I could admit to this flaw in me now.

I wasn’t fit to be in a relationship. I wasn’t fit to be a parent. I wasn’t even fit to be a friend. I was full of cracks. And I didn’t want Maddy and Justin to have to fix something they didn’t break. I didn’t want those kids to lose another person they cared about like I’d lost all the people I’d ever cared about. So I was going to be the island.

And this time nobody would be on it.





CHAPTER 42 JUSTIN

I looked at my watch. “Do you think we should go check on her? It’s been an hour.”

Maddy was bouncing her knee. “I don’t know. Maybe give it five more minutes? This isn’t good, Justin.”

I raked a hand through my hair. “Yeah, no kidding.”

“No, I don’t think you get it.” She looked at me. “This is going to bring up so much shit.”

“She’s strong,” I said. “She’ll get through it, she’s gotten through worse.”
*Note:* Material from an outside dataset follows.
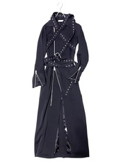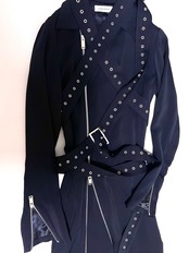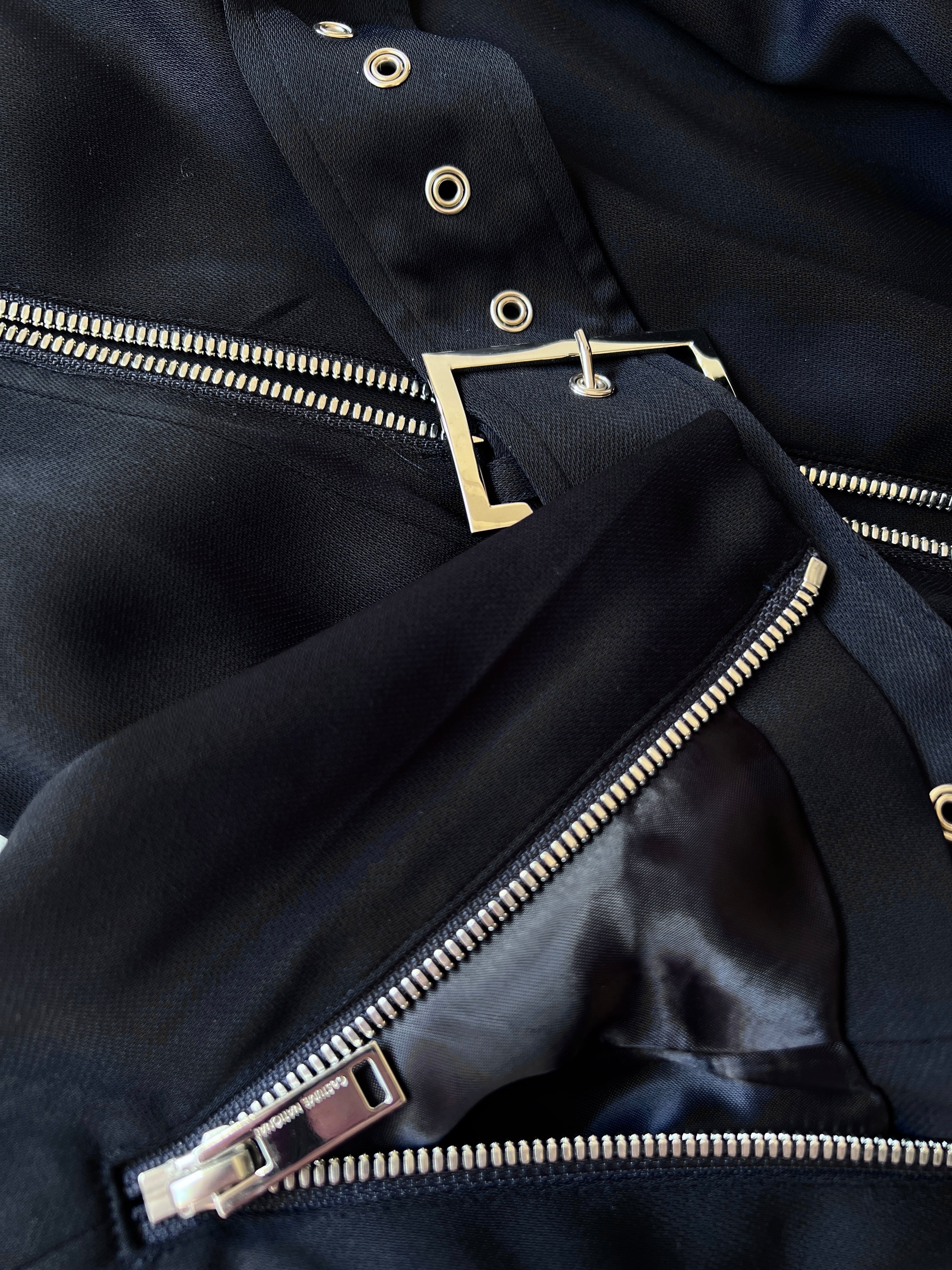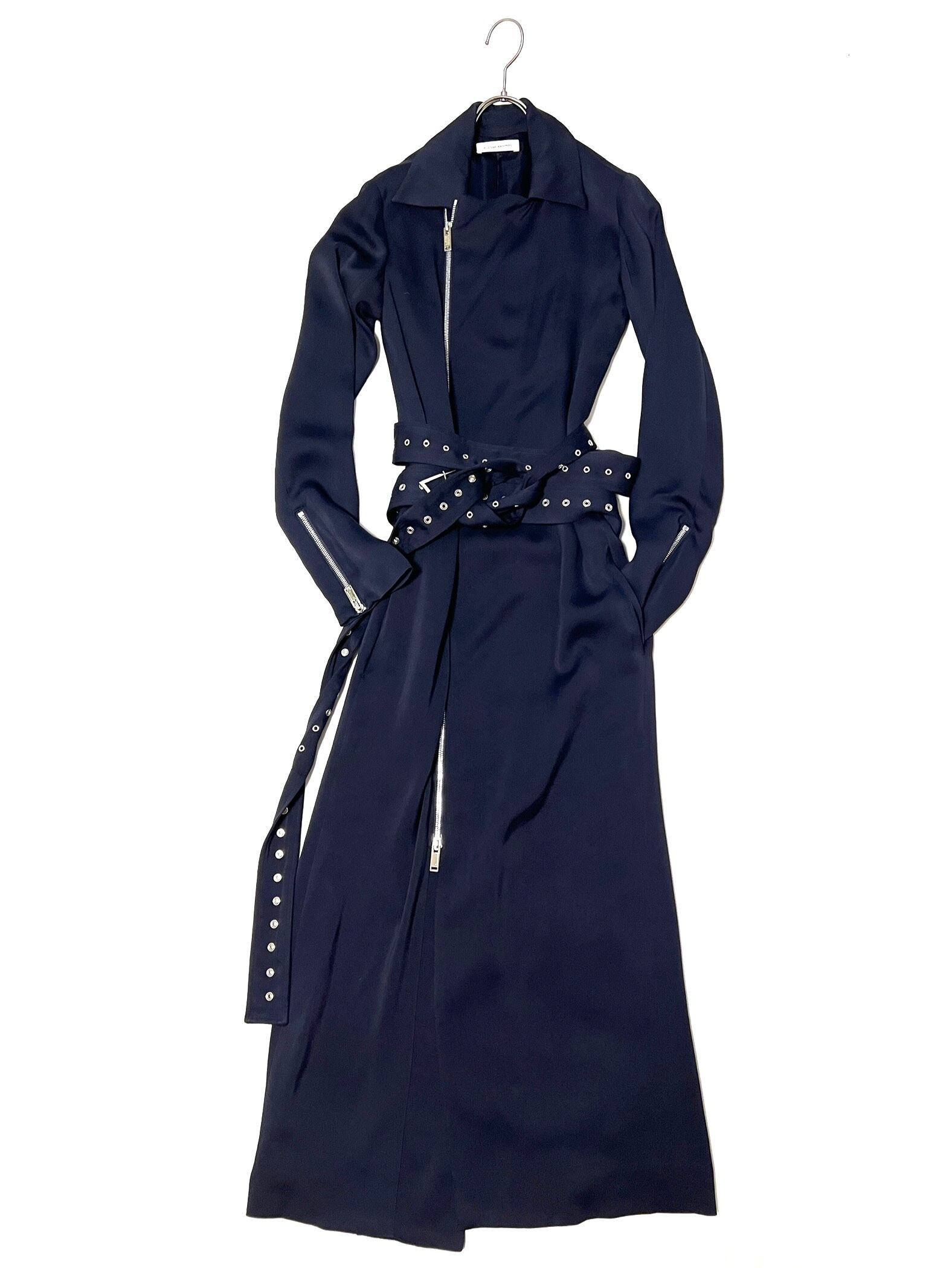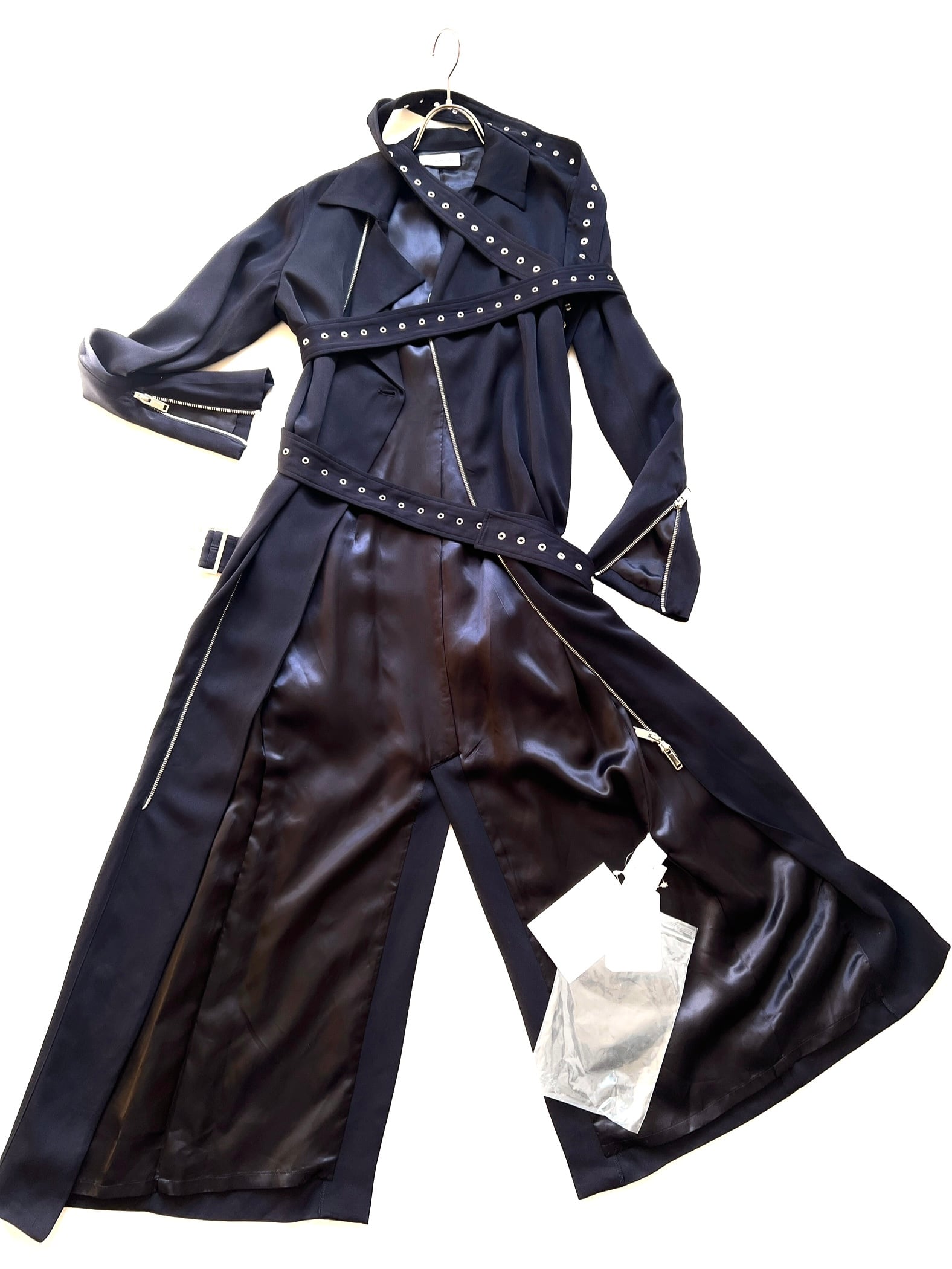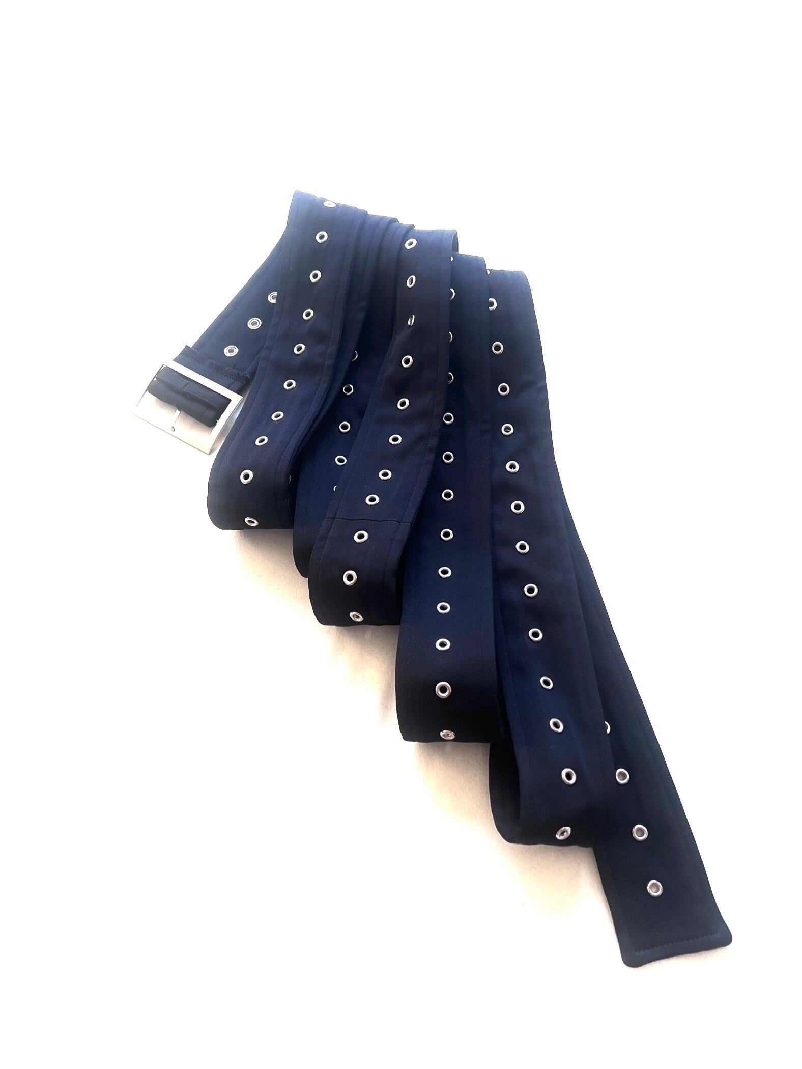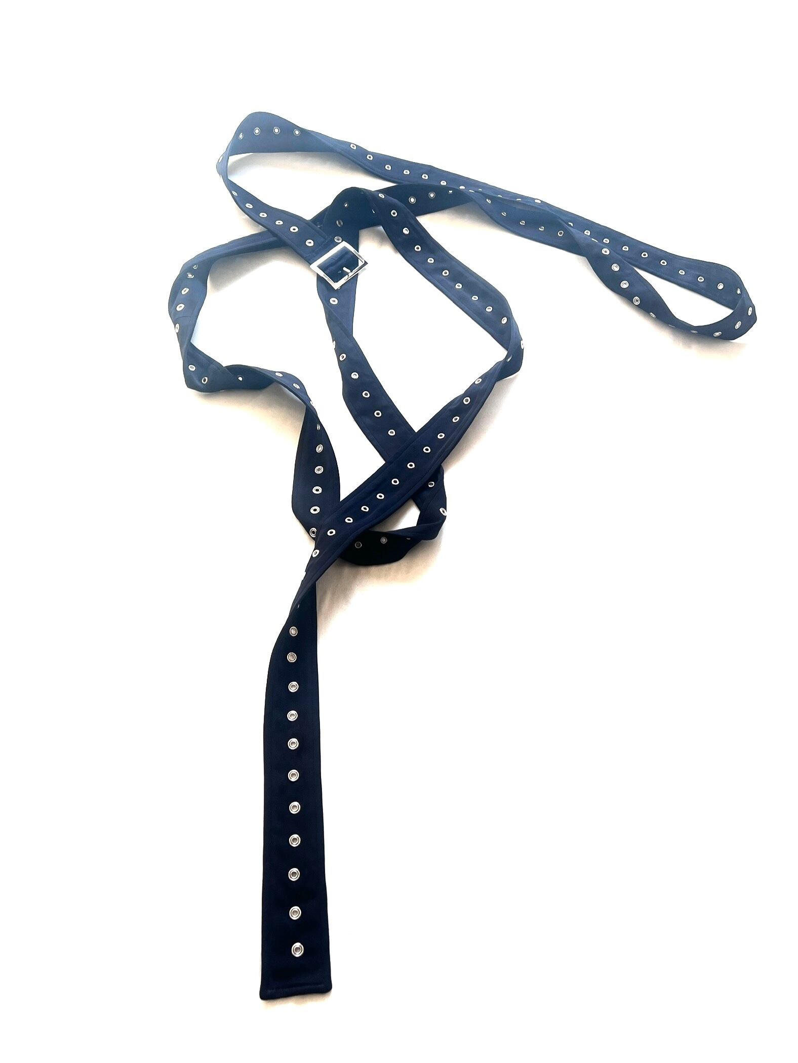 付属の超ロングベルトは自由にアレンジが可能です。ベルト一面にアイレットが施され、どの長さでも留めることができます。使用方法によって、ミニマルなドレスを一瞬でパンク/ゴシック的なムードへと変貌させてくれるとても魅力的な逸品です。

“No.” She shook her head. “No, she’s strong but not with this. Amber does something to her. She always has, she’s like her kryptonite.” She chewed on her lip. “God, I fucking hate her so much.”

“I hate her too.”

“Good. Welcome to the club, we meet on Wednesdays and we bring pitchforks.”

I snorted, despite myself.

She got up and paced, glancing every few minutes at her phone.

“I can’t wait anymore,” she said. “I’m going in.” She started for the exit and I followed her. She stopped at the door and turned to me. “Justin, she’s gonna get small. I need you to be ready for that.”